Technical data

Chapter 5: Fortran Enhancements for Multiprocessors

This can be parallelized on the I loop. Because the inner loop goes from 1 to

I, the ﬁrst block of iterations of the outer loop will end long before the last

block of iterations of the outer loop.

In this example, this is easy to see and predictable, so you can change the

program:

NUM_THREADS = MP_NUMTHREADS()

C$DOACROSS LOCAL(I, J, K)

DO K = 1, NUM_THREADS

DO I = K, N, NUM_THREADS

DO J = 1, I

A(J, I) = A(J, I) + B(J)*C(I)

END DO

In this rewritten version, instead of breaking up the I loop into contiguous

blocks, break it into interleaved blocks. Thus, each execution thread receives

some small values of I and some large values of I, giving a better balance of

work between the threads. Interleaving usually, but not always, helps cure a

load balancing problem.

This desirable transformation is provided to do this automatically by using

the MP_SCHEDTYPE clause.

C$DOACROSS LOCAL (I,J), MP_SCHEDTYPE=INTERLEAVE

DO 20 I = 1, N

DO 10 J = 1, I

A (J,I) = A(J,I) + B(J)*C(J)

10 CONTINUE

20 CONTINUE

This has the same meaning as the rewritten form above.

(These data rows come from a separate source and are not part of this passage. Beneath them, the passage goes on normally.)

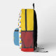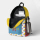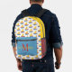 This cute backpack features a toy sailboat pattern with matching color blocks of red, blue and yellow. Personalize the monogram on the front with your choice of name and initial.
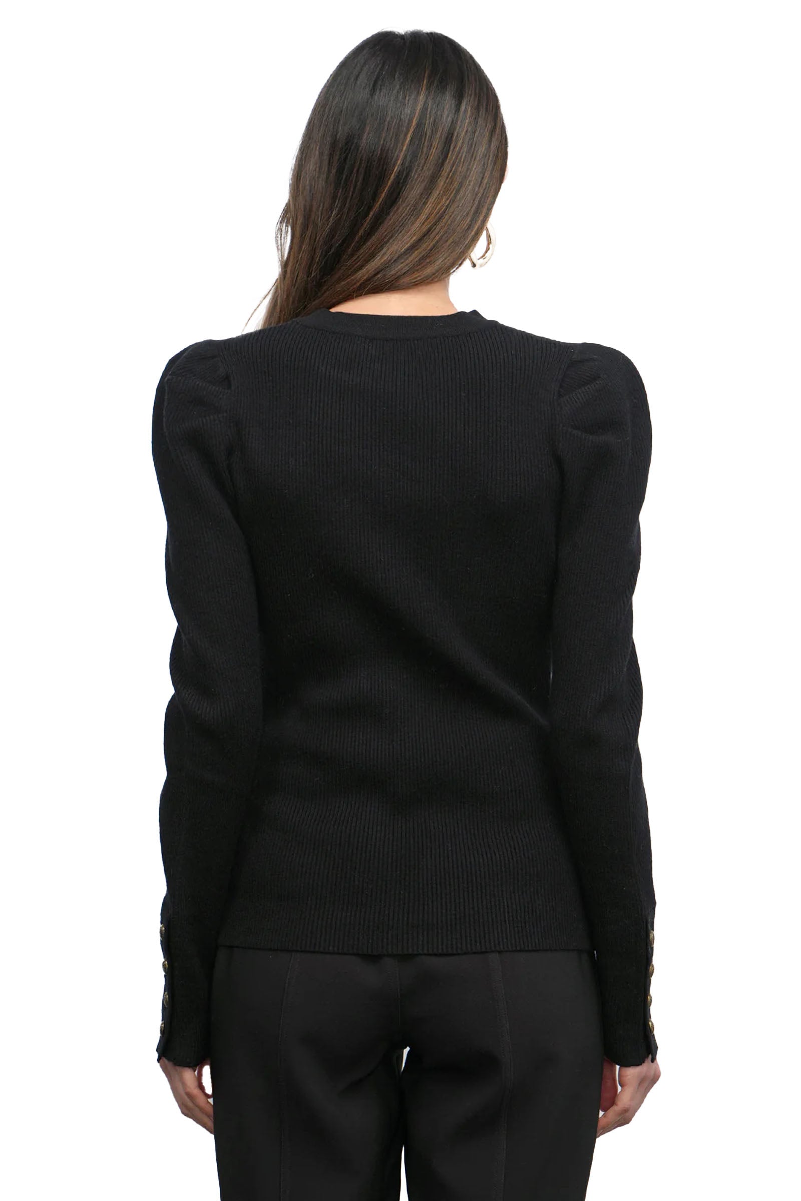 Dani Button Puff Sleeve Ribbed Knit Top - Black
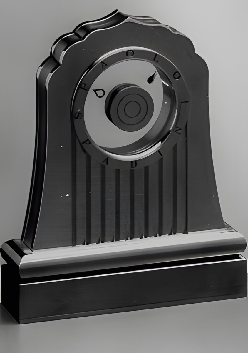 A door of Kyoto’s Ryoangi temple inspired Paulo Spadini to design this mystery clock with neither setting button nor hands. It shows the time by means of transparent discs and is set simply by pressing on the crystal. (SPADINI “Kyoto”)
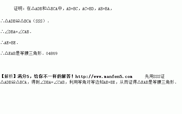 如图,AD=BC,AC=BD,求证:△EAB是等腰三角形.
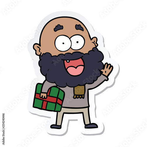 Fototapeta premium sticker of a cartoon crazy happy man with beard and gift under arm
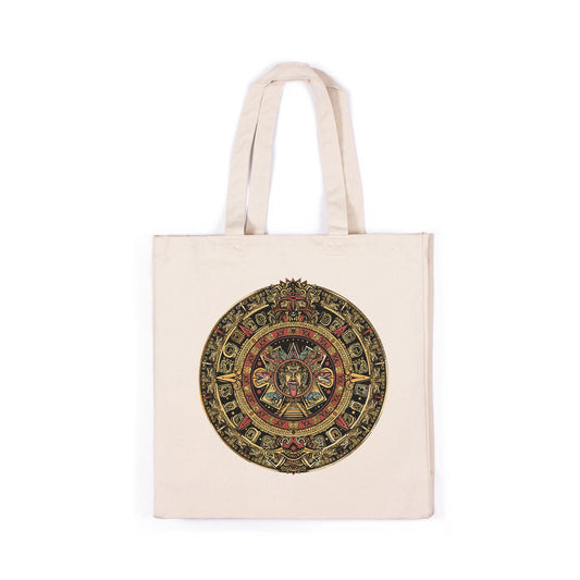 Mayan Calnedar Canvas Tote Bag Traditional Art Yoga Pretty Cool Aztec Symbols Cotton Reusable Shopper Printed Eco Friendly Market Christmas

Note that this can cause poor cache performance because you are no longer

stepping through the array at stride 1. This can be somewhat improved by

adding a CHUNK clause. CHUNK= 4 or 8 is often a good choice of value.

Each small chunk will have stride 1 to improve cache performance, while the

chunks are interleaved to improve load balancing.